Eva Ingersoll Brown Wakefield was born in Dobbs Ferry, New York in 1892, the daughter of Walston H. and Eva Ingersoll Brown. Her mother, Eva Ingersoll Brown, was a suffragist and activist. She was tutored as a child, and later graduated from Columbia University.

In 1917, Brown married McNeal Swasey, but they later divorced. She married Sherman Day Wakefield, an author, editor, and bibliographer, in 1932. The wedding was performed by John Lovejoy Elliott of the New York Society for Ethical Culture, at the home of her aunt, Maud Ingersoll Probasco. Sherman Wakefield was on the editorial staff of The Humanist and also of Progressive World. Eva herself was a contributor to The Humanist, as well as writing poetry. One of her poems was included in an anthology compiled by Edwin Markham, with whom she studied.

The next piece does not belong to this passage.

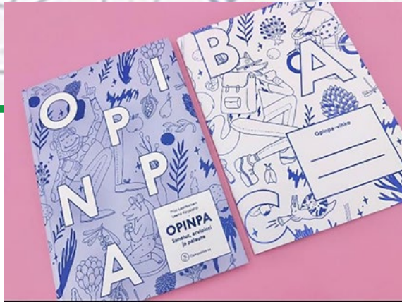
Opinpa – Sanelut arviointi ja palaute sekä Opinpa-vihko.

Suomessa on käytössä monia lukitestejä ja arviointivälineitä (ks. Vitka 2021, 131–133). Osa näistä testeistä ja kokeista on myös normeerattuja, jolloin opettaja voi arvioida oppilaiden osaamisen suhteessa ikäluokan tulokseen. Monet arviointivälineistä ovat moniosaisia ja pitkiä. Ne auttavat löytämään oppimisvaikeuksien syitä. Opettajat kuitenkin tarvitsevat käyttäjystävällisiä lukusujuvuuden arviointivälineitä, joiden antamaa tietoa voidaan käyttää suoraan tukemaan oppilaiden oppimista. Käyttämäni lukusujuvuuden arviointiväline on yksinkertainen ja lyhyt, mutta sen antama tulos on riittänyt tunnistamaan tukea tarvitsevat oppilaat koulusamme. Tuloksista on voitu muodostaa myös oppimistavoitteet ja tukimuodot. Ja koska arviointi on jatkunut läpi alakoulun, voidaan nähdä myös

A passionate defender of her grandfather's legacy, Eva Ingersoll Wakefield published The Life and Letters of Robert G. Ingersoll in 1951, and later donated a significant amount of 'Ingersolliana' to the Library of Congress, the Abraham Lincoln Presidential Library and Museum, and other archives. As well as personal collections and copies of letters kept by her mother (Ingersoll's daughter) and aunt, Wakefield gathered correspondence from letters and journals, and from the collection of Harry Houdini.

Activism 

Eva Ingersoll Brown Wakefield was one of the earliest members of the First Humanist Society of New York, founded in 1929, and later President of the New York Chapter of the American Humanist Association.

During the 1930s, Wakefield was active in the Manhattan Branch of the Women's International League for Peace and Freedom. She was also director of the Vivisection Investigation League  and a member of the National Society of Colonial Dames in the State of New York.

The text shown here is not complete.